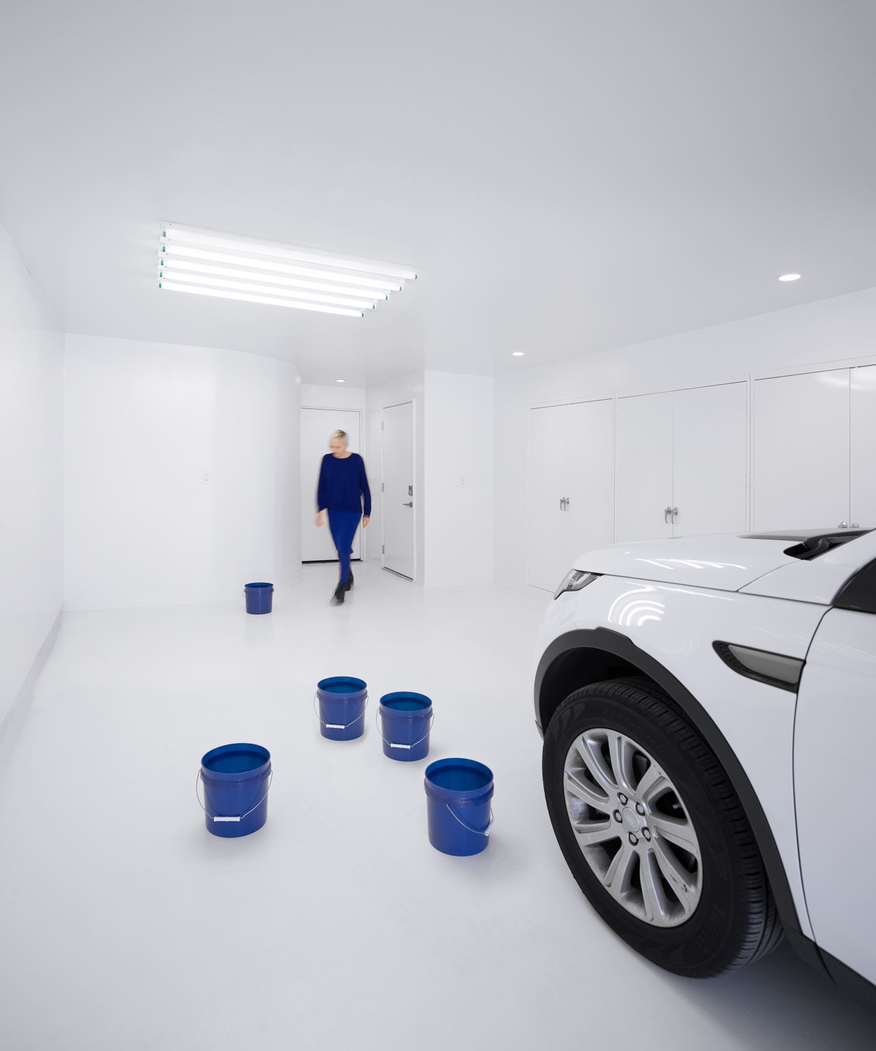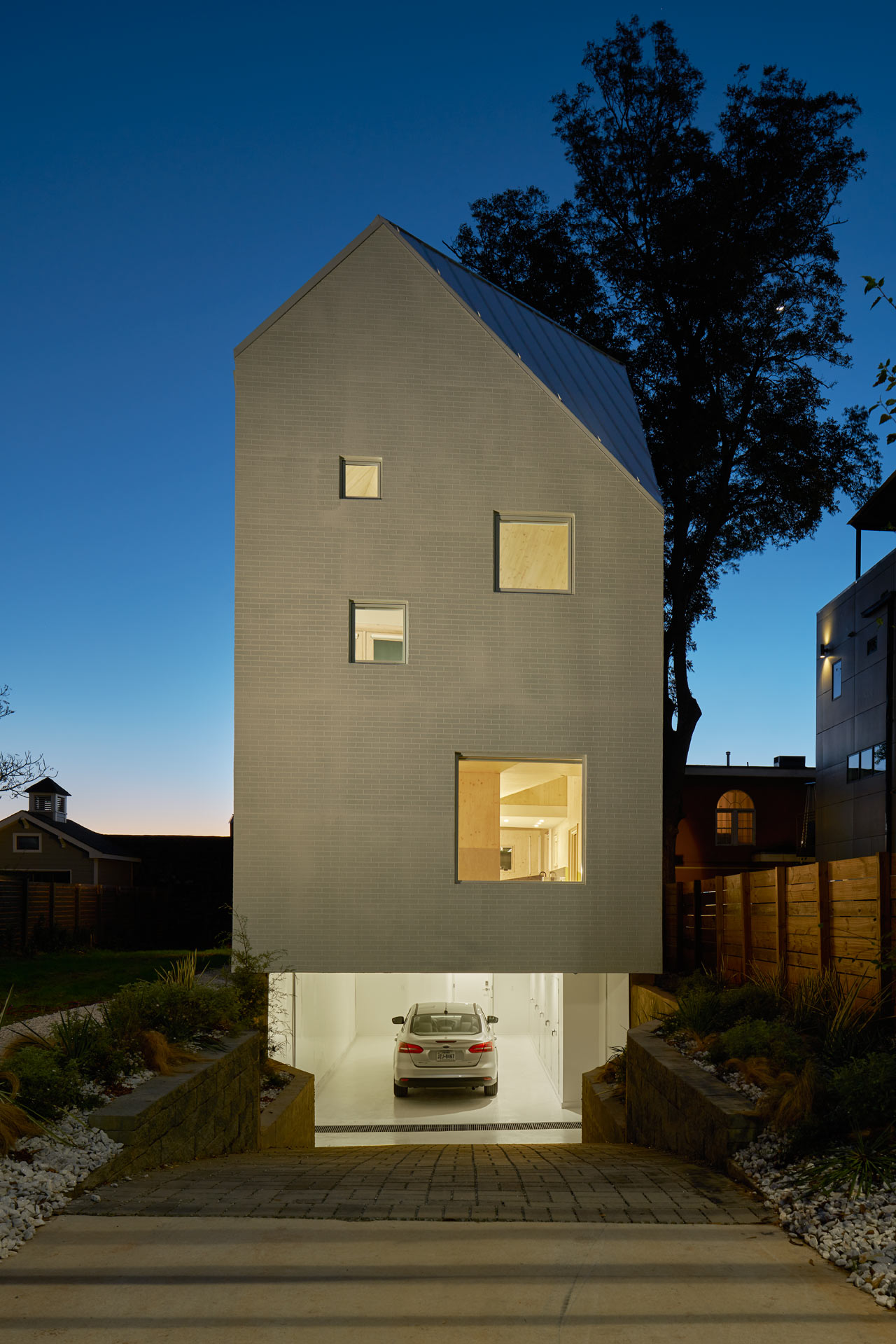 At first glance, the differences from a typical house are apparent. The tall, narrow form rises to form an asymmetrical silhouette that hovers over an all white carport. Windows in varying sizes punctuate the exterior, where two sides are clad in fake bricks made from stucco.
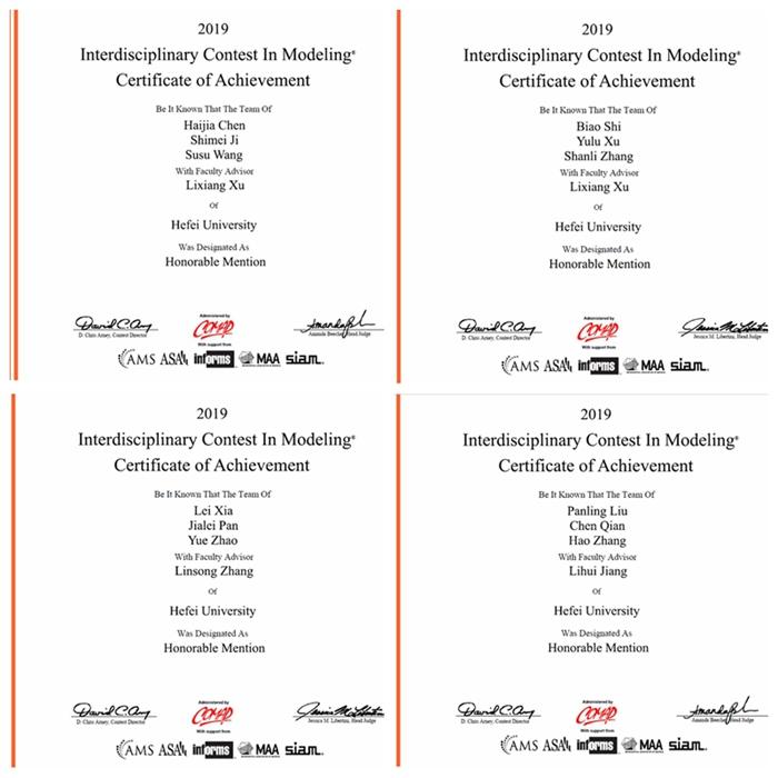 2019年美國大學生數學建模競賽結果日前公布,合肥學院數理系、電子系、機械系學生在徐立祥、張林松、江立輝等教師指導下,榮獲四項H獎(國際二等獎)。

—————

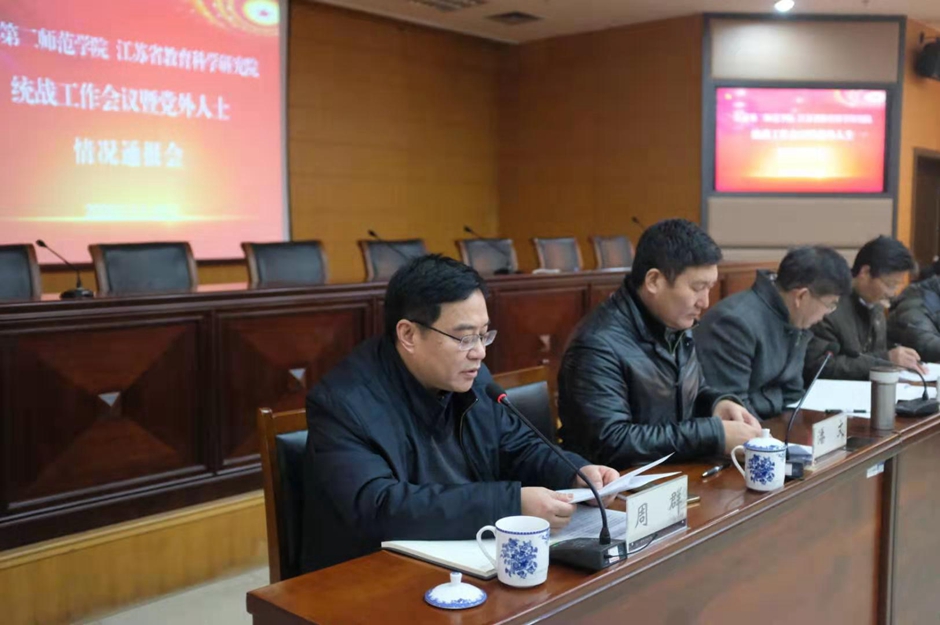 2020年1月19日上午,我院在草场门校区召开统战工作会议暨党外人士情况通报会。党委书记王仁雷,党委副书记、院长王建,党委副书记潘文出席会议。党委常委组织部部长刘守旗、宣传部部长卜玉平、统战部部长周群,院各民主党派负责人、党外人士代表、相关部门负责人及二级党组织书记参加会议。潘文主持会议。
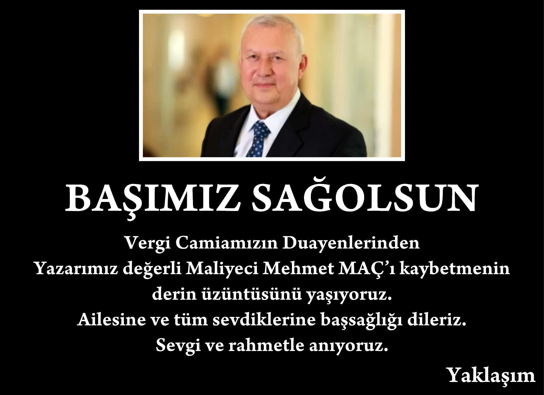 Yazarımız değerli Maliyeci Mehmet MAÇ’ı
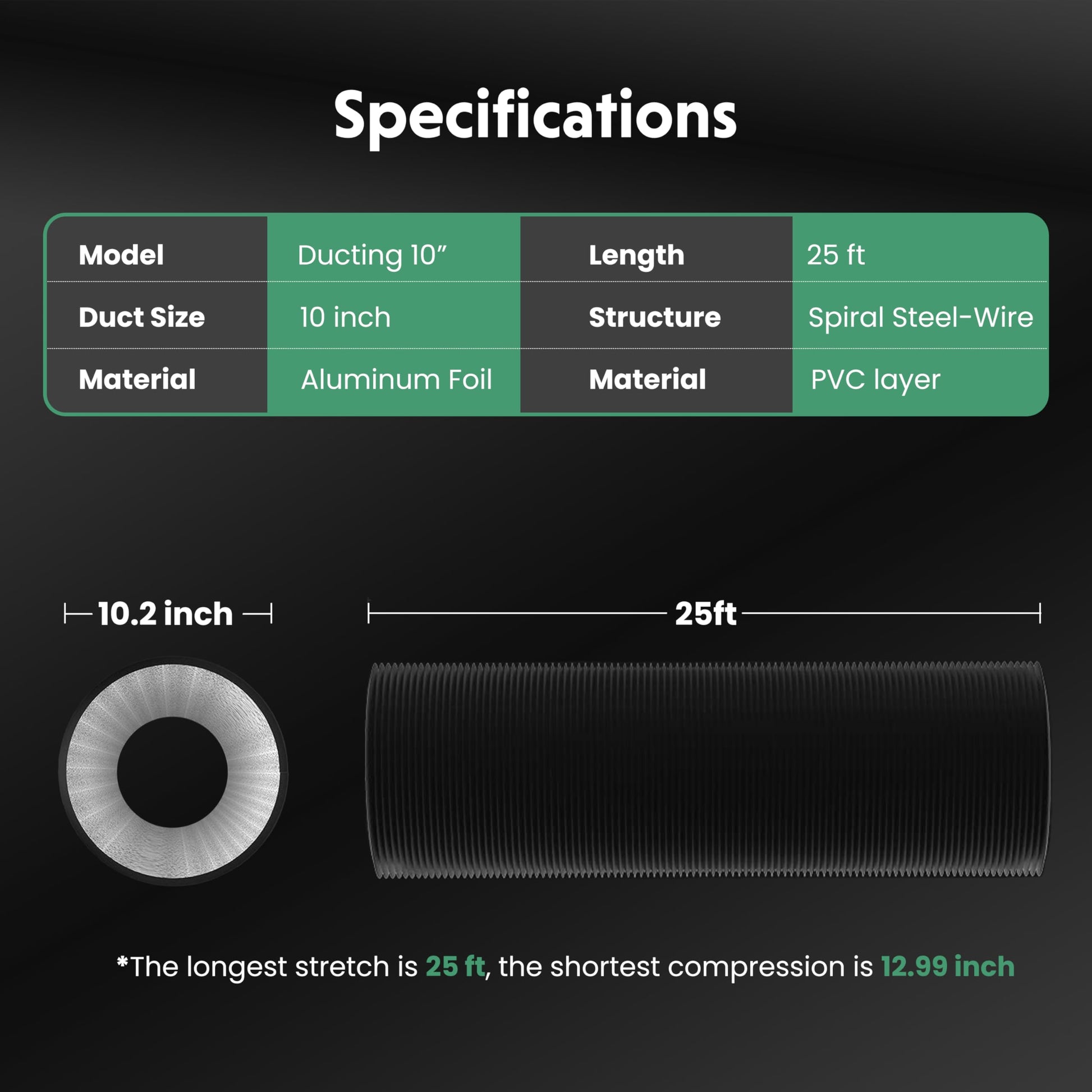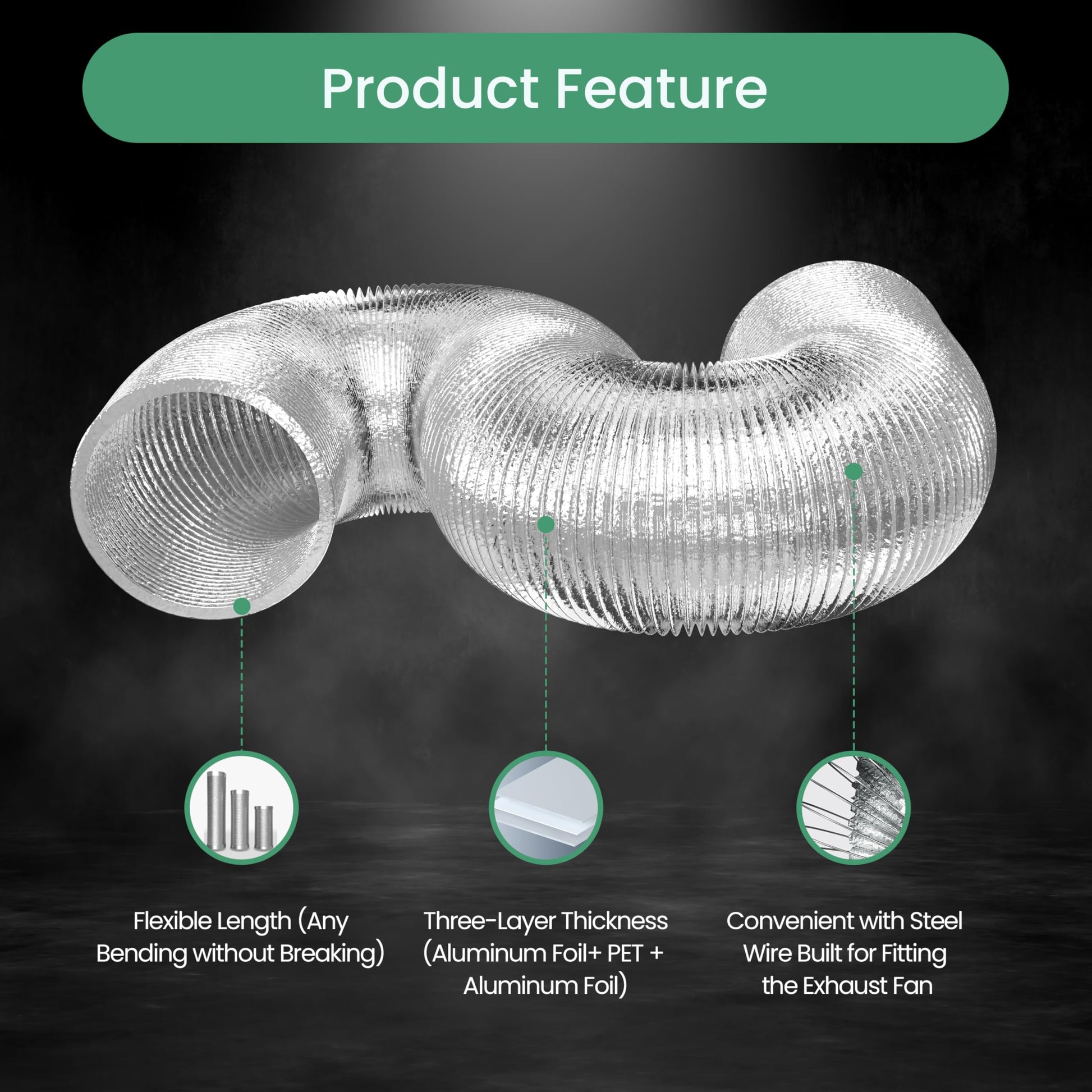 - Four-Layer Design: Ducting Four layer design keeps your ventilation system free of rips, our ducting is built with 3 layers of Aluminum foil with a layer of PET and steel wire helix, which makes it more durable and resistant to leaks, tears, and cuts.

—————

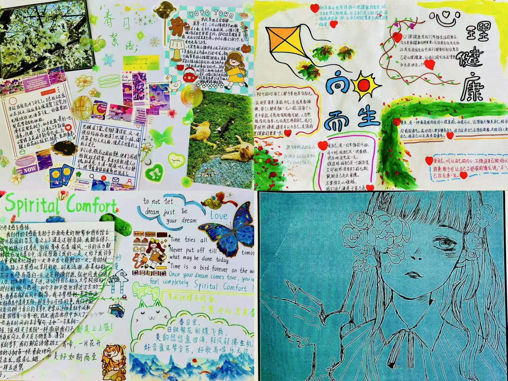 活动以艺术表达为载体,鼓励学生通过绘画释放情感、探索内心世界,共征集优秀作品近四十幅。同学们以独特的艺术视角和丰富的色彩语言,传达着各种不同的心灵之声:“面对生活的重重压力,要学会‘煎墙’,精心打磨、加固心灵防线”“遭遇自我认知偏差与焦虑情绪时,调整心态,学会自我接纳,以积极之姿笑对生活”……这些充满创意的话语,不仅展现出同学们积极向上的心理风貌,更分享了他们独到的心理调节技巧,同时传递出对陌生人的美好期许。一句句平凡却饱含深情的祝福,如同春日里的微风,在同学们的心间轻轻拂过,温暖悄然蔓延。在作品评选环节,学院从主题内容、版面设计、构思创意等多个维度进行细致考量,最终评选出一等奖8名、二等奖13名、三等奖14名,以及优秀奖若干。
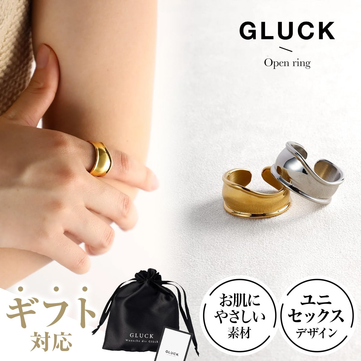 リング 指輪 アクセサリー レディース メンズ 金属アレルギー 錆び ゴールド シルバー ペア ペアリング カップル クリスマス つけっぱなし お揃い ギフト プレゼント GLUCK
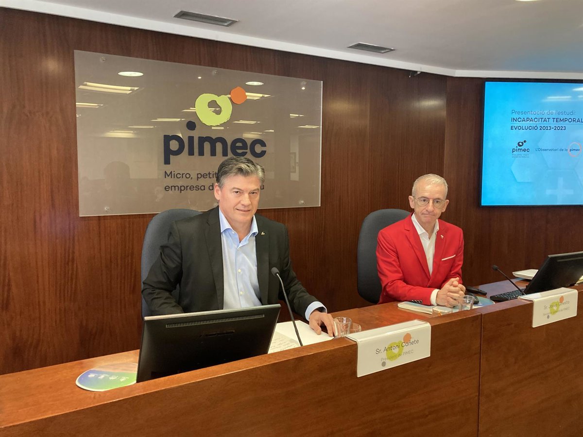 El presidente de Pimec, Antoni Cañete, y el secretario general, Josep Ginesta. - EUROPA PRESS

—————

■ TASK GOAL
Set the pictures aside and reproduce exactly the lines above, from the line holding "At first glance, the" through the line holding "2019年美國大學生數學建模", both included, with nothing else.

■ EXPECTED OUTPUT
 At first glance, the differences from a typical house are apparent. The tall, narrow form rises to form an asymmetrical silhouette that hovers over an all white carport. Windows in varying sizes punctuate the exterior, where two sides are clad in fake bricks made from stucco.
 2019年美國大學生數學建模競賽結果日前公布,合肥學院數理系、電子系、機械系學生在徐立祥、張林松、江立輝等教師指導下,榮獲四項H獎(國際二等獎)。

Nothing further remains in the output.